Best memory was either when AJ struck for 40 or when he got his first career high of the season for 27. I was really happy for him because he worked so hard to become starter and finally had the numbers to stand up for it. His season numbers didn't show all the effort he put in for Indiana this year. Also when Granger got like 21 and 11 or something was very awesome.


----------



## Gonzo (Oct 14, 2004)

StephenJackson said:


> He was probably too young to remember the milwaukee series and how huge Best was.


Yeah, I think I was too young to remember.
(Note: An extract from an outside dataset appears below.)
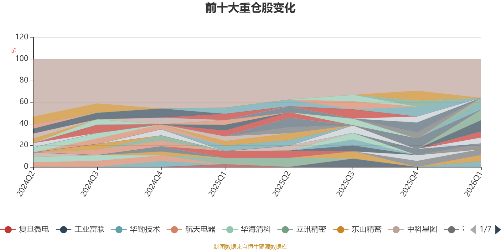 截至2026年一季度末,基金十大重仓股分别是新易盛、中际旭创、天孚通信、东山精密、光库科技、东阳光、沪电股份、芯原股份、华勤技术、灿芯股份。

I only remember how much my dad complained about him holding the ball... I hope I didn't base all of my opinion off of that...


----------



## Pacers Fan (Aug 25, 2002)

Larry Legend said:


> Yeah, I think I was too young to remember. I only remember how much my dad complained about him holding the ball... I hope I didn't base all of my opinion off of that...


You should hate Tyus Edney, then. He's the king of holding onto the ****ing ball.


----------



## Gonzo (Oct 14, 2004)

Pacers Fan said:


> You should hate Tyus Edney, then. He's the king of holding onto the ****ing ball.


Yep, I did. I'm really surprised I don't hate Eddie Gill.


----------



## Pacers Fan (Aug 25, 2002)

Larry Legend said:


> I'm really surprised I don't hate Eddie Gill.


Hey! Gill doesn't usually hold onto the ball, unless he's isolating with like 45 seconds left in the game.


----------



## StephenJackson (Oct 28, 2004)

Larry Legend said:


> Yeah, I think I was too young to remember. I only remember how much my dad complained about him holding the ball... I hope I didn't base all of my opinion off of that...



He did hold on to the ball too much. But he certainly meant a lot to the franchise.


----------



## jermaine7fan (Aug 19, 2005)

Danny's drafting...

Reggie's ceremony...

Everything else pretty much sucked...


----------



## JayRedd (Jan 2, 2006)

jermaine7fan said:


> Danny's drafting...
> 
> Reggie's ceremony...
> 
> Everything else pretty much sucked...


Ditto


----------



## Banjoriddim (Aug 14, 2004)

Hard to pick but I'd go with AJ great playoff preformance.


----------